=== AVAILABLE RECORDS ===
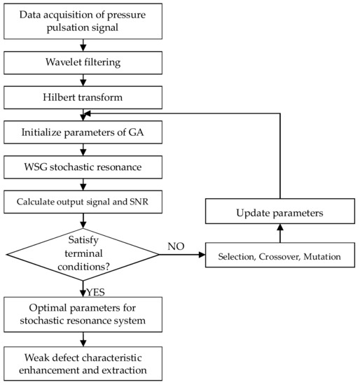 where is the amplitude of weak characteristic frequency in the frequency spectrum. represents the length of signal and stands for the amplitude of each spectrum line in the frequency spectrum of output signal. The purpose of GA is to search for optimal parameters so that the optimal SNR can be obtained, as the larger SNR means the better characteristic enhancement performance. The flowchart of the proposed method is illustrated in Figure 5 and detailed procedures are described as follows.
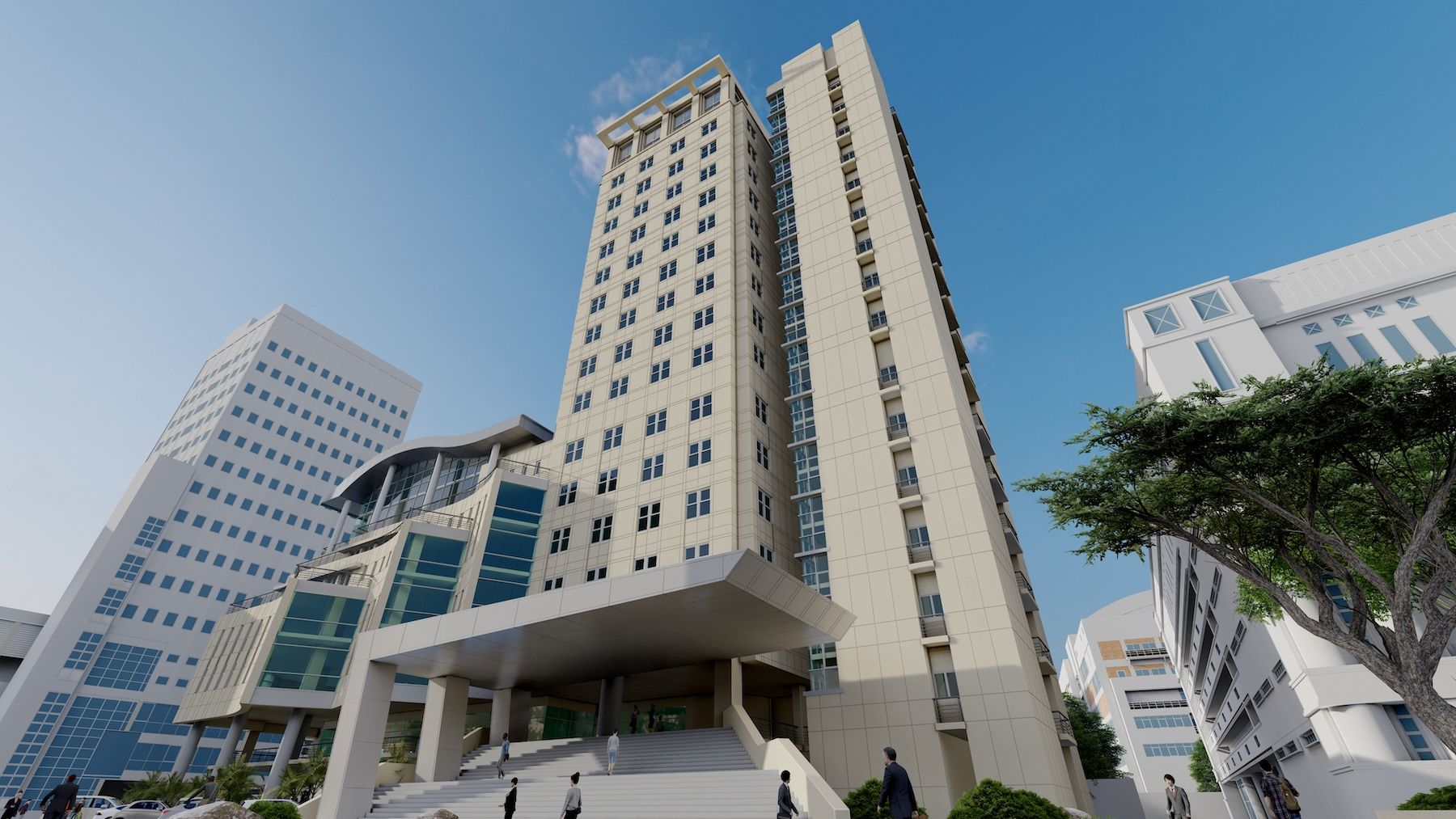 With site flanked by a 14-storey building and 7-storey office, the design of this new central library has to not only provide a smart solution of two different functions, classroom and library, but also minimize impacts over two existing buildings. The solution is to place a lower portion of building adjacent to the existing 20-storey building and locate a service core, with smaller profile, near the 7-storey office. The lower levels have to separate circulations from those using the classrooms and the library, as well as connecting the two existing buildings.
===
=== AVAILABLE RECORDS ===
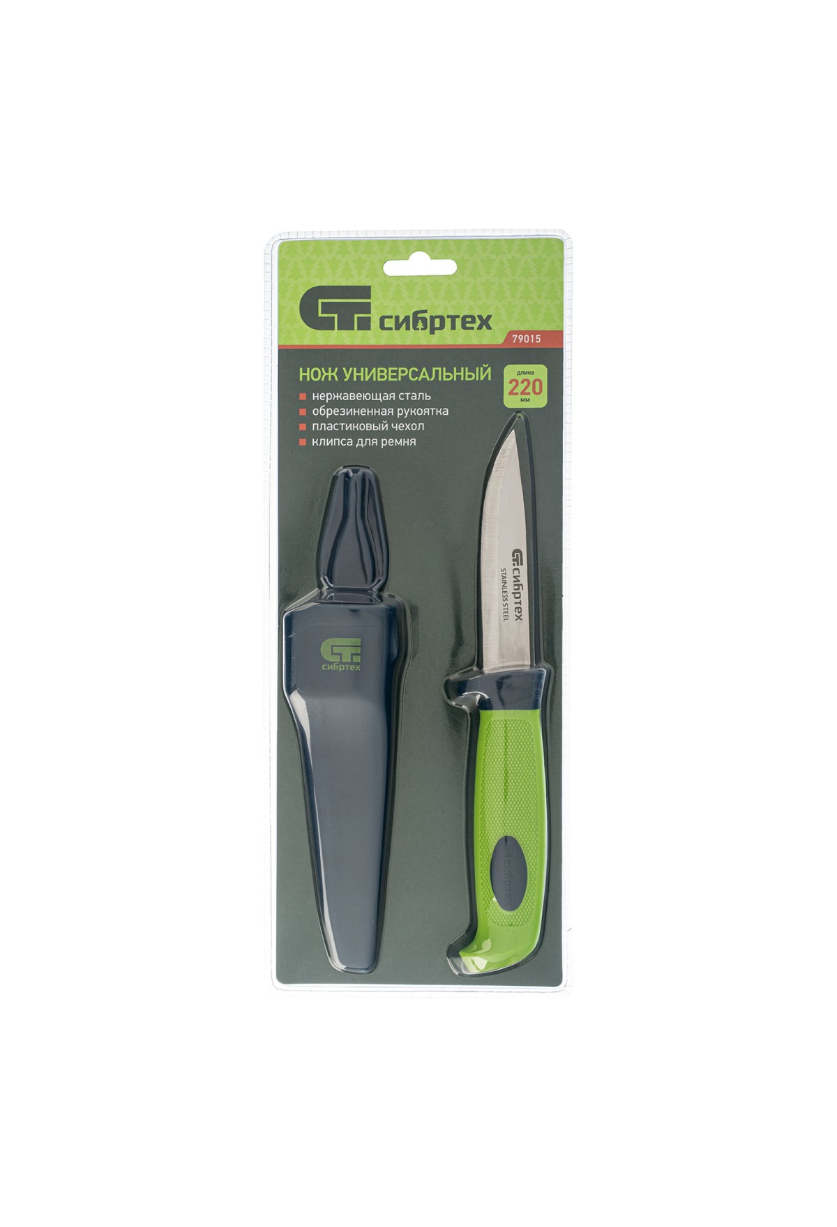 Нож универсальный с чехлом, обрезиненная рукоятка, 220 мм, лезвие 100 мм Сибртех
===
=== AVAILABLE RECORDS ===
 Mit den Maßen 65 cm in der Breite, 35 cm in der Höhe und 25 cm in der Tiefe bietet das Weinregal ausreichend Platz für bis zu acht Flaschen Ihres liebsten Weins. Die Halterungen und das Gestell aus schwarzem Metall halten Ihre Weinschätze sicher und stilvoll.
===
Within the material above, only the stretch from the line holding "where is the" through the line holding "With site flanked" is to be restated exactly. Pictures are dropped.

 where is the amplitude of weak characteristic frequency in the frequency spectrum. represents the length of signal and stands for the amplitude of each spectrum line in the frequency spectrum of output signal. The purpose of GA is to search for optimal parameters so that the optimal SNR can be obtained, as the larger SNR means the better characteristic enhancement performance. The flowchart of the proposed method is illustrated in Figure 5 and detailed procedures are described as follows.
 With site flanked by a 14-storey building and 7-storey office, the design of this new central library has to not only provide a smart solution of two different functions, classroom and library, but also minimize impacts over two existing buildings. The solution is to place a lower portion of building adjacent to the existing 20-storey building and locate a service core, with smaller profile, near the 7-storey office. The lower levels have to separate circulations from those using the classrooms and the library, as well as connecting the two existing buildings.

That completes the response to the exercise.